The enantioselective carbonyl-ene reaction using the zinc reagent is stoichiometric because of the difference in the binding affinities of the alkoxy carbonyl groups to the metal. Results of the heterogeneous enantioselective carbonyl-ene reaction of substrates by zinc/KUMOF-1 showed that the smallest substrate could diffuse inside the crystal and convert to the product in a high-yield proving that all of the reaction sites of the metal organic frameworks were available. The yield and the enantiomeric excess decreased as the substrate size increased suggesting that the larger substrates could not access the reaction sites inside the metal organic framework crystal.
Largest substrate did not undergo the reaction in this system possibly because the reaction channel was blocked by the corresponding reaction products. If the size of the substrate is too large, the surface reaction site makes the first contact and directly blocks the entrance of the channel, which makes it impossible for other substrates to penetrate. When the size of the substrate is sufficiently small compared to the size of the void, additional substrates can penetrate the crystal.

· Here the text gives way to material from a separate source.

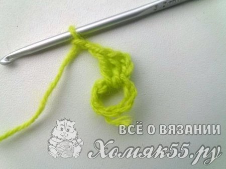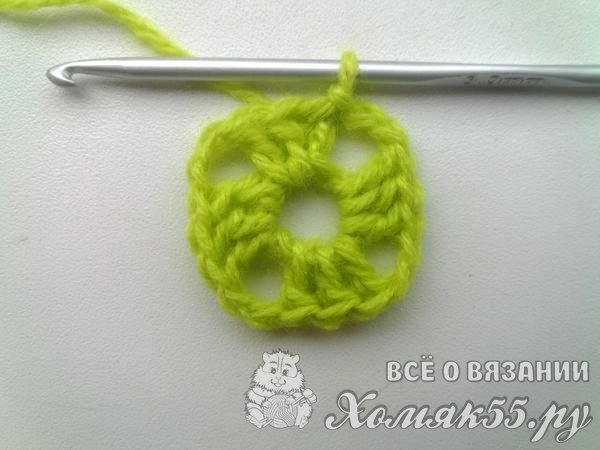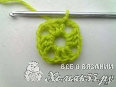 Основной цвет пледа будет ярко-зеленый. Поэтому начинаем вязать нитками этого цвета. Делаем шесть петелек, которые замыкаем в кольцо.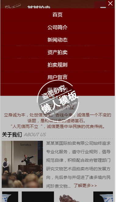 模板简介:该模板名称为【人无信而不立触屏版手机wap拍卖商城网站模板免费下载】,大小是,文档格式为.,推荐使用打开,作品中的图片,文字等数据均可修改,图片请在作品中选中图片替换即可,文字修改直接点击文字修改即可,您也可以新增或修改作品中的内容,该模板来自用户分享,如有侵权行为请联系网站客服处理。欢迎来懒人模板【拍卖】栏目查找您需要的精美模板。

Unlike the zinc mediated system, the titanium catalyzed system provides more information about the events occurring at the catalytic reaction sites with no discrimination by substrate size. Indeed, most reactions occur on or beneath the surface and the products were immediately removed to the solution. Carefully following the steps of carbonyl-ene reaction procedures as demonstrated, it's important for obtaining reliable experimental results.
Two-photon microscopy measurements will provide additional data for the actual reaction site of various kinds of MOF-based catalyst. As a verification procedure for the reaction site of the MOF catalyst is necessary. Our method can be used as a means for double checking the results.